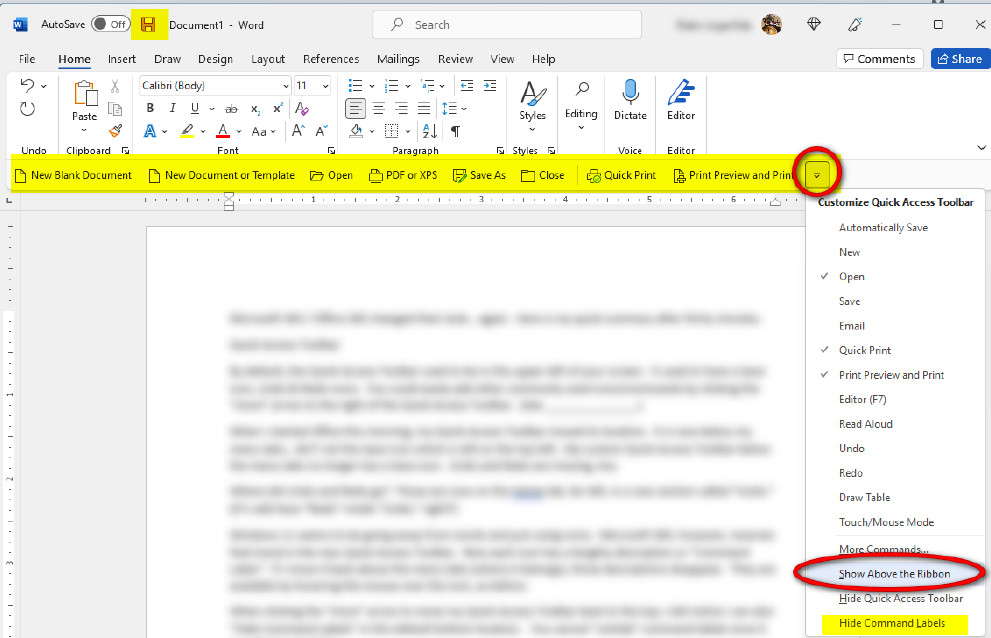 Windows 11 seems to be going away from words and just using icons. Microsoft 365, however, reverses that trend in the new Quick Access Toolbar. Now each icon has a lengthy description or “Command Label.” If I move it back above the menu tabs (where it belongs), those descriptions disappear. They are available by hovering the mouse over the icon, as before.
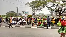 Calabar Carnival is an annual carnival held in Cross River State, Nigeria.[1] The carnival holds every December and was declared by the then governor of Cross River State, Mr. Donald Duke as an activity to mark Christmas celebration yearly. He said his vision for creating the festival was to make Cross-River a home of tourism and hospitality in Nigeria and Africa. The quality of the festival has grown over the years making it Nigeria's biggest carnival and an internationally recognized festival. It used to be a month-long event that began on the 1st of December, until the former governor of the state, Benedict Ayade reduced it to two weeks after he was elected. During the 2017 carnival, Former governor Benedict Ayade said in his speech that the carnival is to showcase Africa as the richest continent and a blessed place where the young ones should be proud to belong. The carnival has always been entertaining and colourful as different competitions take place and huge cash prizes are won.[2][3] Calabar which is also known by the name Canaan City, is a city in south-eastern Nigeria. Calabar is actually the capital city of Cross River State. Calabar sits adjacent to the Calabar and Great Kwa Rivers and Falls as well as the creeks of the Cross River.
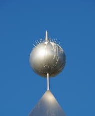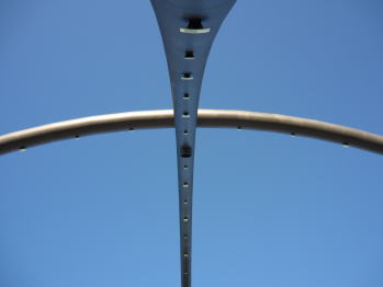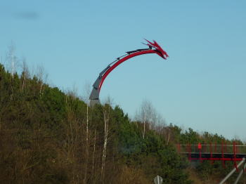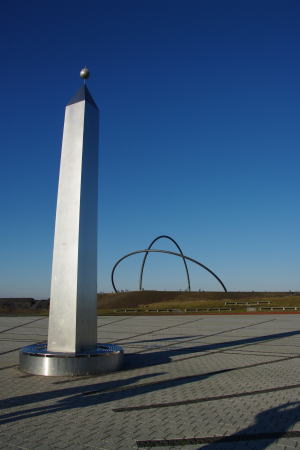 地平線を利用した天文台と言えば英国のストーンヘンジが有名ですが、この天文台はその現代版です。 ホーヘヴァルド丘はレックリングハウゼン第二炭坑のいわゆるゴミ捨て場として形成された人工の丘です。廃坑になってからは整備され、公園として開放されていました。 2007年11月から1年掛けて建設され、2008年11月8日に一般公開されました。 しかし、2008年冬の大寒波の為に一部の溶接部分が破断し、2009年1月から修理中。再公開のメドは立っていません。 以下の写真は12月末に訪れた際に撮影したものです。この日も大変寒い日でした。 天文台は43mと45mの二つの半円の鉄骨を組み合わせた天球と、オベリスクを針にした太陽時計です。 何が何の意味をしてるのか説明の掲示板が立っているのですが、余りにも寒くって、まともに読む気にもなりませんでした。 再公開されたら、又暖かい時にゆっくり見てみたいと思います。 |
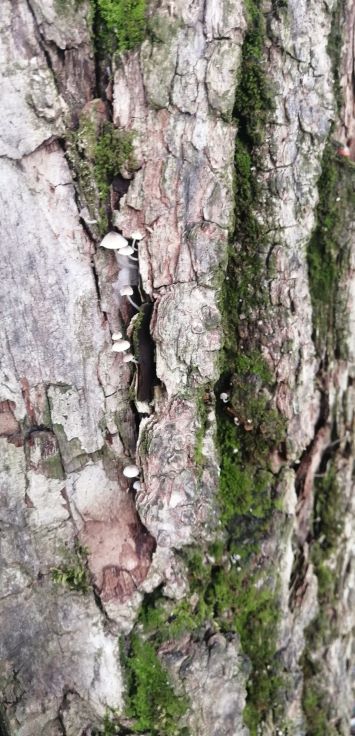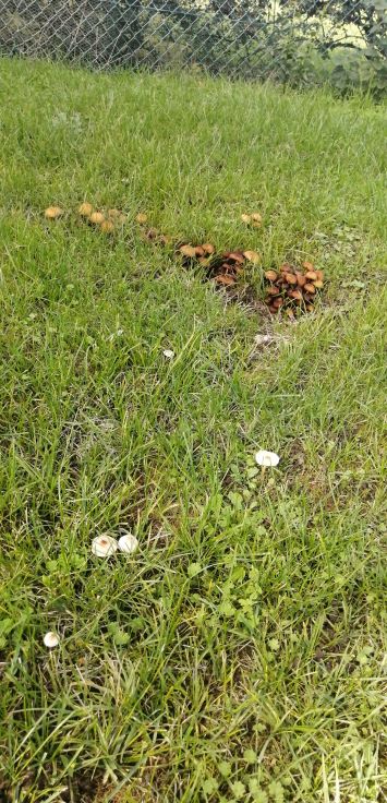 Alors, c'est tout a fait normal, plusieurs souches rases ont été laissées en terre, des arbres différents donc différents champignons et donc une multitude de visuels intéressants que voici :
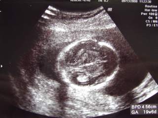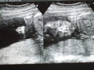 19週目に突入しました♪今日は1ヶ月ぶりに実家に帰って、里帰り出産予定の産院に行ってきました本当は、34週になるまで行かなくて良いのだけど、土曜日もやってくれている産院なので、相棒と一緒に赤ちゃんの成長をエコーで見られるのです!エコーによる対面を楽しみにしている相棒が、「今度はいつ?今度はいつ?」と急かすので3連休の初日に合わせて行くことにしました♪30分程待って診察室に入ると、院長先生はお休みで代務の先生が待っていました電話予約をした時に聞いていた事だったので、少しお話をしてから相棒お楽しみのエコータイムとなりました♪「これが頭ですねぇ~」「これがお腹ですねぇ~この黒い所は胃袋ですねぇ~」と、頭からだんだん下に向かって赤ちゃんを輪切りにしていきます♪お尻~足が写った所で、股の辺りに何やらうつっています・・・心の中で「あ!」っと思った相棒と私・・・先生は何事もなかったかのように通り過ぎて、何も見なかったかのように聞きました・・・「そういえば、性別とかもう聞いてますか?」と先生。「いえ、まだ聞いていません」と私。「聞かない方が良いですかねぇ?」と相棒の顔を見ながら尋ねる先生・・・・・・って、先生、今みえてたじゃん!?「でも、今何か写ってましたよねぇ?」と私が言うと「あははは~写ってましたねぇ・・・秘密・・・っていう訳にもいかないですかねぇ?」とあたふたし始める先生・・・前回アンケートの時に、あかちゃんの性別とか病気とか事前に分かる範囲で知りたいかどうかというアンケートを書いていたのですが、(その時は、全部教えて欲しいに○を打ちました♪)中には生まれるまで、何も知りたくないという親御さんもいらっしゃるのでこの夫婦はどっちだったかなぁ?って先生が思われたのかもしれません・・・「男の子ですよね?」と再度念押しすると、「男の子ですよ~」と、観念(?)したかのように、教えてくれました♪実は前々から男の子という事はある事情で分かっていたので、別に驚きませんでしたが、やっぱりそうか~という喜びはありました♪(その内、ブログに書く機会があれば・・・お話しますね♪)それからは、何だかしつこくお股の部分をエコーで映してくれるので苦笑しながらも、楽しくエコーを見させて頂きましたちょっと前置胎盤の気があるとの事だったので、内診によるエコーも取りましたが子宮孔から現時点で7mmずれているということで、まぁ大丈夫でしょうとお話を受けました健診に行っている病院でも、前回の院長先生の診察でも、前置胎盤とは言われてなかったので、別に心配していませんでしたが、まぁ、時々は健診の病院でも検査してもらおうかなって思いました♪顔アップ♪左側が上で、顔の中心くらいのくぼんだ所が眼窩です♪お尻から足です♪この日の赤ちゃんは、足を伸ばして前屈姿勢していたみたい・・・苦しくないのかなぁ?動画では、手で足を触っているような場面も見られました♪(残念ながら、この写真では例のモノは隠れてしまってます・・・笑)3D(4D?)写真です♪頭が上で顔がやや右向きです手と足で隠れていますが、何となく鼻と口元が見えるかなぁ?という感じです♪

^^^^^^^^

Copy the entire listing exactly but skip the pictures.

▶ **YOUR RESPONSE**:
 Windows 11 seems to be going away from words and just using icons. Microsoft 365, however, reverses that trend in the new Quick Access Toolbar. Now each icon has a lengthy description or “Command Label.” If I move it back above the menu tabs (where it belongs), those descriptions disappear. They are available by hovering the mouse over the icon, as before.
 Calabar Carnival is an annual carnival held in Cross River State, Nigeria.[1] The carnival holds every December and was declared by the then governor of Cross River State, Mr. Donald Duke as an activity to mark Christmas celebration yearly. He said his vision for creating the festival was to make Cross-River a home of tourism and hospitality in Nigeria and Africa. The quality of the festival has grown over the years making it Nigeria's biggest carnival and an internationally recognized festival. It used to be a month-long event that began on the 1st of December, until the former governor of the state, Benedict Ayade reduced it to two weeks after he was elected. During the 2017 carnival, Former governor Benedict Ayade said in his speech that the carnival is to showcase Africa as the richest continent and a blessed place where the young ones should be proud to belong. The carnival has always been entertaining and colourful as different competitions take place and huge cash prizes are won.[2][3] Calabar which is also known by the name Canaan City, is a city in south-eastern Nigeria. Calabar is actually the capital city of Cross River State. Calabar sits adjacent to the Calabar and Great Kwa Rivers and Falls as well as the creeks of the Cross River.
 地平線を利用した天文台と言えば英国のストーンヘンジが有名ですが、この天文台はその現代版です。 ホーヘヴァルド丘はレックリングハウゼン第二炭坑のいわゆるゴミ捨て場として形成された人工の丘です。廃坑になってからは整備され、公園として開放されていました。 2007年11月から1年掛けて建設され、2008年11月8日に一般公開されました。 しかし、2008年冬の大寒波の為に一部の溶接部分が破断し、2009年1月から修理中。再公開のメドは立っていません。 以下の写真は12月末に訪れた際に撮影したものです。この日も大変寒い日でした。 天文台は43mと45mの二つの半円の鉄骨を組み合わせた天球と、オベリスクを針にした太陽時計です。 何が何の意味をしてるのか説明の掲示板が立っているのですが、余りにも寒くって、まともに読む気にもなりませんでした。 再公開されたら、又暖かい時にゆっくり見てみたいと思います。 |
 Alors, c'est tout a fait normal, plusieurs souches rases ont été laissées en terre, des arbres différents donc différents champignons et donc une multitude de visuels intéressants que voici :
 19週目に突入しました♪今日は1ヶ月ぶりに実家に帰って、里帰り出産予定の産院に行ってきました本当は、34週になるまで行かなくて良いのだけど、土曜日もやってくれている産院なので、相棒と一緒に赤ちゃんの成長をエコーで見られるのです!エコーによる対面を楽しみにしている相棒が、「今度はいつ?今度はいつ?」と急かすので3連休の初日に合わせて行くことにしました♪30分程待って診察室に入ると、院長先生はお休みで代務の先生が待っていました電話予約をした時に聞いていた事だったので、少しお話をしてから相棒お楽しみのエコータイムとなりました♪「これが頭ですねぇ~」「これがお腹ですねぇ~この黒い所は胃袋ですねぇ~」と、頭からだんだん下に向かって赤ちゃんを輪切りにしていきます♪お尻~足が写った所で、股の辺りに何やらうつっています・・・心の中で「あ!」っと思った相棒と私・・・先生は何事もなかったかのように通り過ぎて、何も見なかったかのように聞きました・・・「そういえば、性別とかもう聞いてますか?」と先生。「いえ、まだ聞いていません」と私。「聞かない方が良いですかねぇ?」と相棒の顔を見ながら尋ねる先生・・・・・・って、先生、今みえてたじゃん!?「でも、今何か写ってましたよねぇ?」と私が言うと「あははは~写ってましたねぇ・・・秘密・・・っていう訳にもいかないですかねぇ?」とあたふたし始める先生・・・前回アンケートの時に、あかちゃんの性別とか病気とか事前に分かる範囲で知りたいかどうかというアンケートを書いていたのですが、(その時は、全部教えて欲しいに○を打ちました♪)中には生まれるまで、何も知りたくないという親御さんもいらっしゃるのでこの夫婦はどっちだったかなぁ?って先生が思われたのかもしれません・・・「男の子ですよね?」と再度念押しすると、「男の子ですよ~」と、観念(?)したかのように、教えてくれました♪実は前々から男の子という事はある事情で分かっていたので、別に驚きませんでしたが、やっぱりそうか~という喜びはありました♪(その内、ブログに書く機会があれば・・・お話しますね♪)それからは、何だかしつこくお股の部分をエコーで映してくれるので苦笑しながらも、楽しくエコーを見させて頂きましたちょっと前置胎盤の気があるとの事だったので、内診によるエコーも取りましたが子宮孔から現時点で7mmずれているということで、まぁ大丈夫でしょうとお話を受けました健診に行っている病院でも、前回の院長先生の診察でも、前置胎盤とは言われてなかったので、別に心配していませんでしたが、まぁ、時々は健診の病院でも検査してもらおうかなって思いました♪顔アップ♪左側が上で、顔の中心くらいのくぼんだ所が眼窩です♪お尻から足です♪この日の赤ちゃんは、足を伸ばして前屈姿勢していたみたい・・・苦しくないのかなぁ?動画では、手で足を触っているような場面も見られました♪(残念ながら、この写真では例のモノは隠れてしまってます・・・笑)3D(4D?)写真です♪頭が上で顔がやや右向きです手と足で隠れていますが、何となく鼻と口元が見えるかなぁ?という感じです♪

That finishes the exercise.